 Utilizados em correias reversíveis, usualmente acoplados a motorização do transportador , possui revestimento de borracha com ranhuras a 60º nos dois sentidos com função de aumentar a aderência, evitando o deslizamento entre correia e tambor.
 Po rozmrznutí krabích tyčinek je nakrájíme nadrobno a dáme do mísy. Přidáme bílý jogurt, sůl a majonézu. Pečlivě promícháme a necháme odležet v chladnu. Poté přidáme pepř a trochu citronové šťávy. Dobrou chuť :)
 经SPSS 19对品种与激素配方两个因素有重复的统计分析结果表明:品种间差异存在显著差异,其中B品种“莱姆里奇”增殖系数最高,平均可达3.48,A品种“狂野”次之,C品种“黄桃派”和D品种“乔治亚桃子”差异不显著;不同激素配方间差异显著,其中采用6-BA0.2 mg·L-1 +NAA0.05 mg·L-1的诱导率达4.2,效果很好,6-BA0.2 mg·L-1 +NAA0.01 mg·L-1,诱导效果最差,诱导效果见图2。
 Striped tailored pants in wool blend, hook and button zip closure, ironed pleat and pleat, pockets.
--
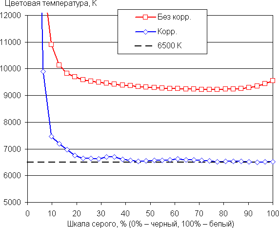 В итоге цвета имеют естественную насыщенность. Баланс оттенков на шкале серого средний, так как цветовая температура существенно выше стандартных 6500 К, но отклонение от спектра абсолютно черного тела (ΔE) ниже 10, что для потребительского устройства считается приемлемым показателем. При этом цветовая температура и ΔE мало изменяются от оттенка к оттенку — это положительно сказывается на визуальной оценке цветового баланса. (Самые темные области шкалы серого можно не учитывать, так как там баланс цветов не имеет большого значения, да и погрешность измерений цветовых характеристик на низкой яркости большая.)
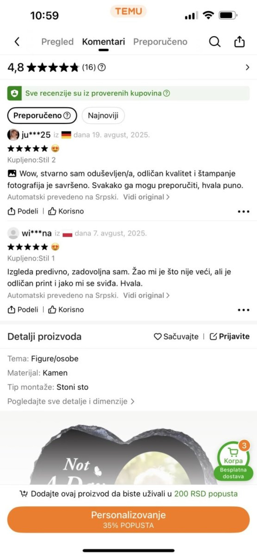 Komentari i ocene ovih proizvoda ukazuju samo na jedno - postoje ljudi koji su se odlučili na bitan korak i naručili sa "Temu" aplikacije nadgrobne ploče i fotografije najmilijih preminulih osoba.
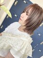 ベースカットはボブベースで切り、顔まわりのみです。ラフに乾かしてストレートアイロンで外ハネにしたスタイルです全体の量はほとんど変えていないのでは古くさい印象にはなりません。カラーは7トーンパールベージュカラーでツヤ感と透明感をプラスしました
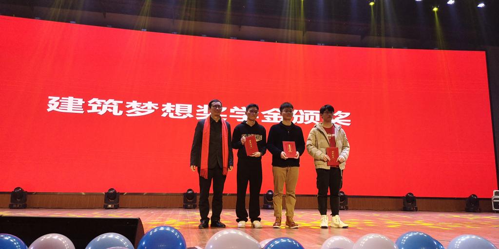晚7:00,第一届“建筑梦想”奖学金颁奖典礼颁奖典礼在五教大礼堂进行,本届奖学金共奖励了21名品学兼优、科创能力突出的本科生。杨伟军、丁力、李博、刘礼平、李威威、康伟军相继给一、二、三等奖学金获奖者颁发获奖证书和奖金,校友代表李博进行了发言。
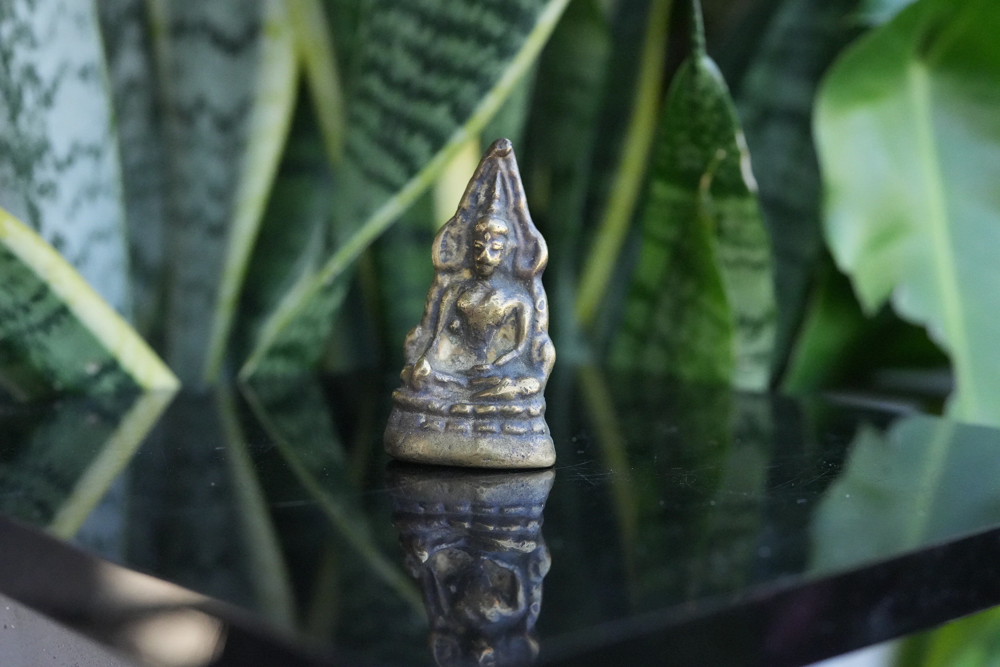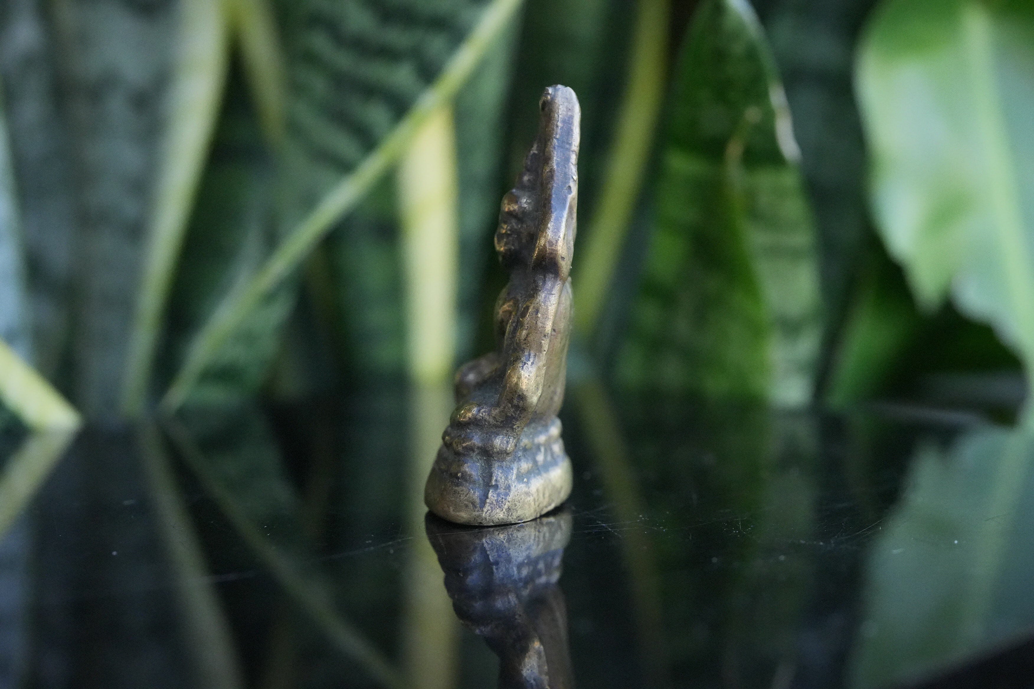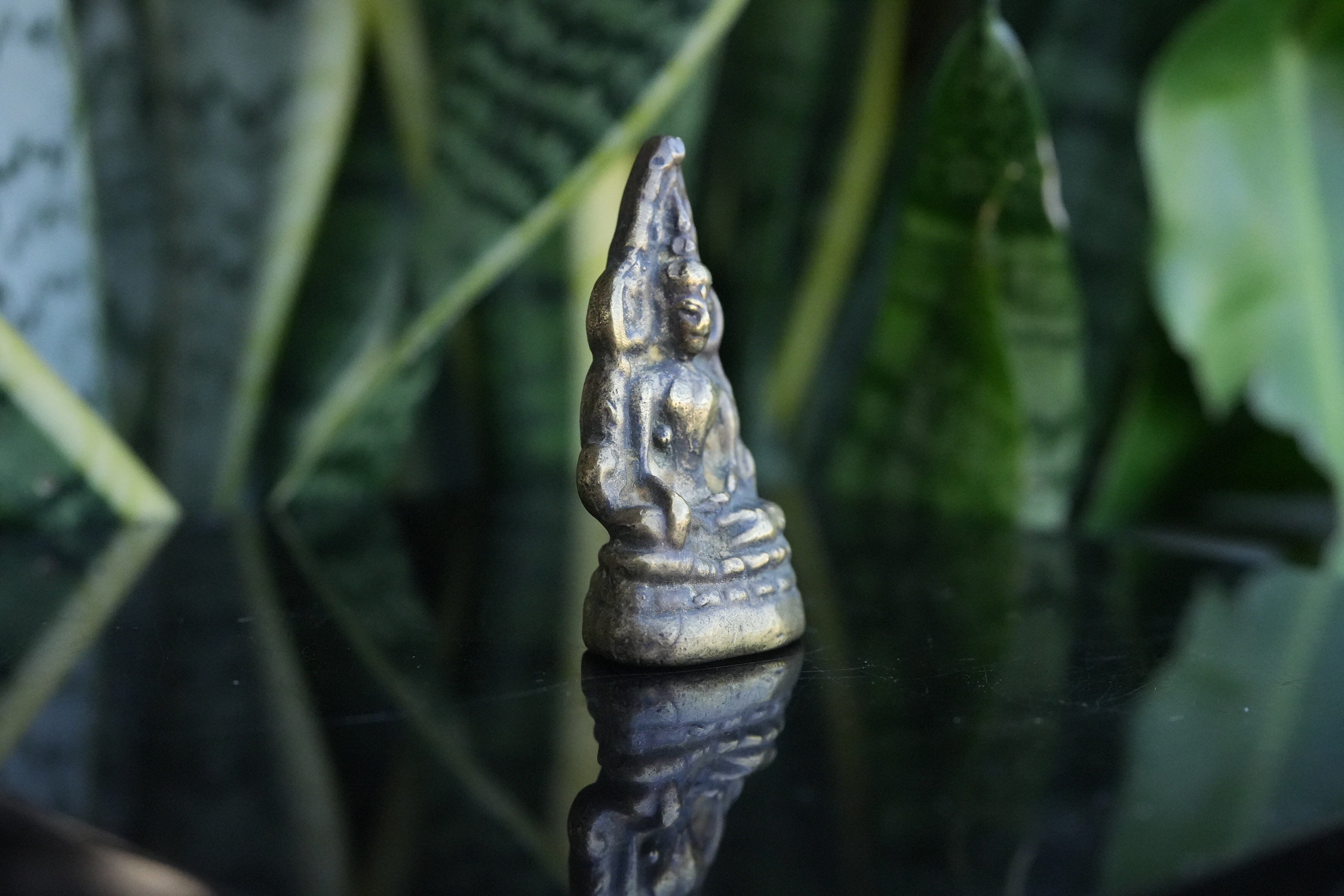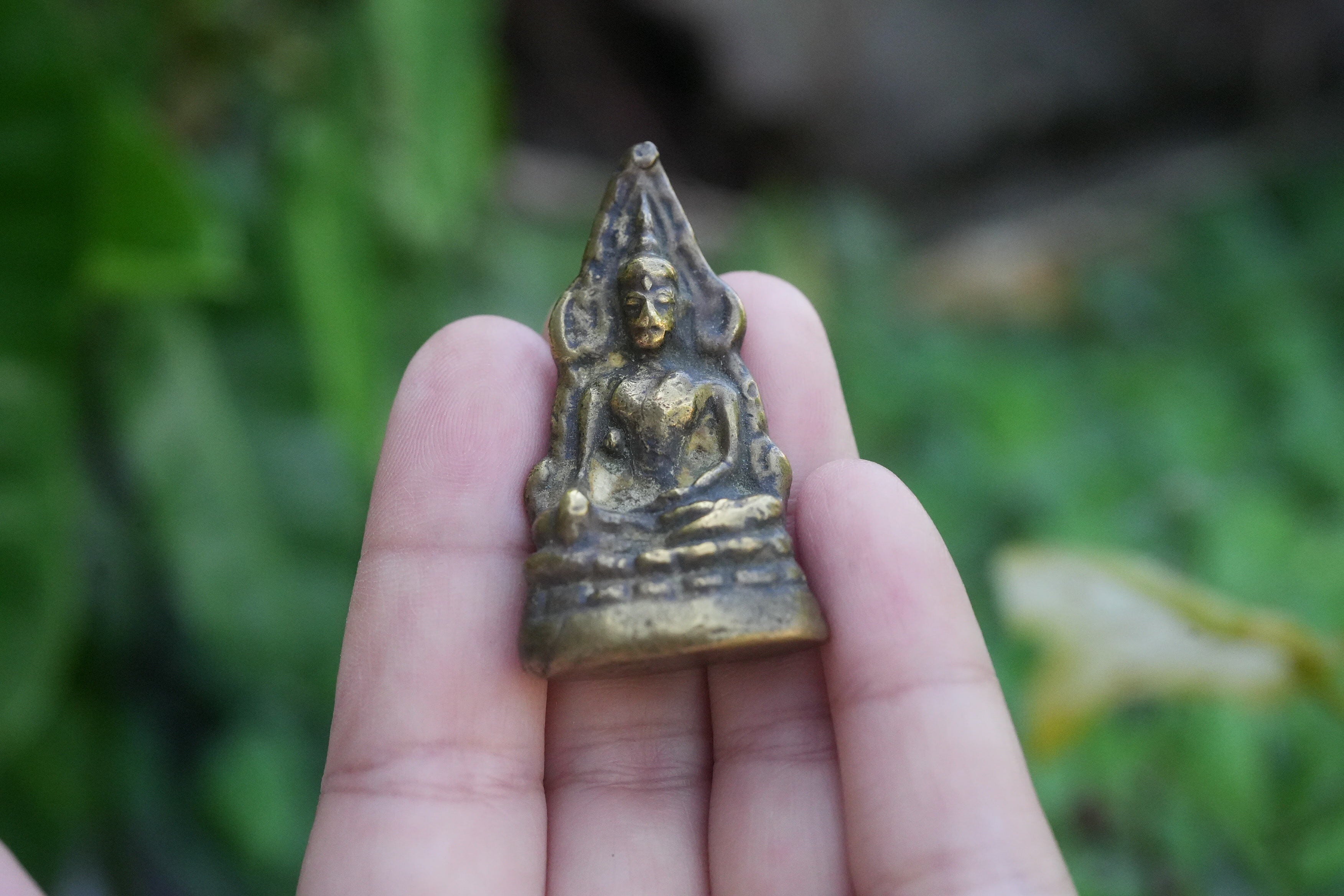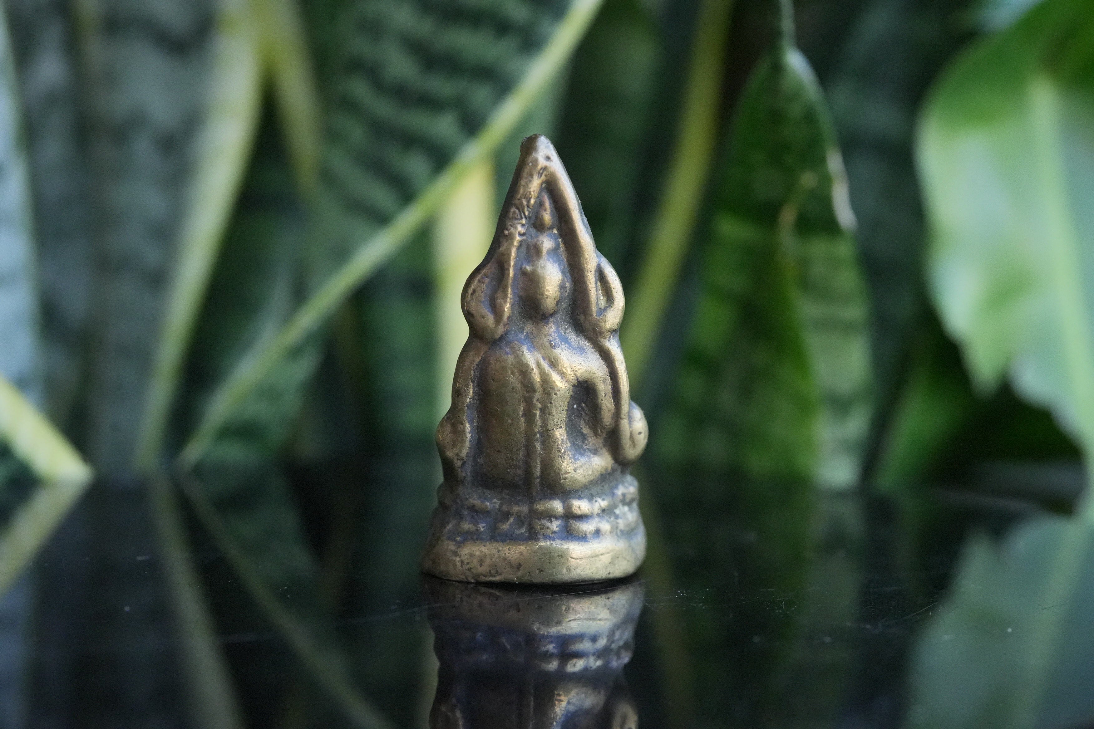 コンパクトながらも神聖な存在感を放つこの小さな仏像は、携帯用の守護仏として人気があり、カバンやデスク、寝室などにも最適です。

What you have to do ->
Whatever else the listing above holds, retype exactly only the lines from the one containing "Utilizados em correias" to the one containing "mg·L-1 +NAA0.01 mg·L-1,诱导效果最差,诱导效果见图2。", both ends kept.

Solution for this problem ->
 Utilizados em correias reversíveis, usualmente acoplados a motorização do transportador , possui revestimento de borracha com ranhuras a 60º nos dois sentidos com função de aumentar a aderência, evitando o deslizamento entre correia e tambor.
 Po rozmrznutí krabích tyčinek je nakrájíme nadrobno a dáme do mísy. Přidáme bílý jogurt, sůl a majonézu. Pečlivě promícháme a necháme odležet v chladnu. Poté přidáme pepř a trochu citronové šťávy. Dobrou chuť :)
 经SPSS 19对品种与激素配方两个因素有重复的统计分析结果表明:品种间差异存在显著差异,其中B品种“莱姆里奇”增殖系数最高,平均可达3.48,A品种“狂野”次之,C品种“黄桃派”和D品种“乔治亚桃子”差异不显著;不同激素配方间差异显著,其中采用6-BA0.2 mg·L-1 +NAA0.05 mg·L-1的诱导率达4.2,效果很好,6-BA0.2 mg·L-1 +NAA0.01 mg·L-1,诱导效果最差,诱导效果见图2。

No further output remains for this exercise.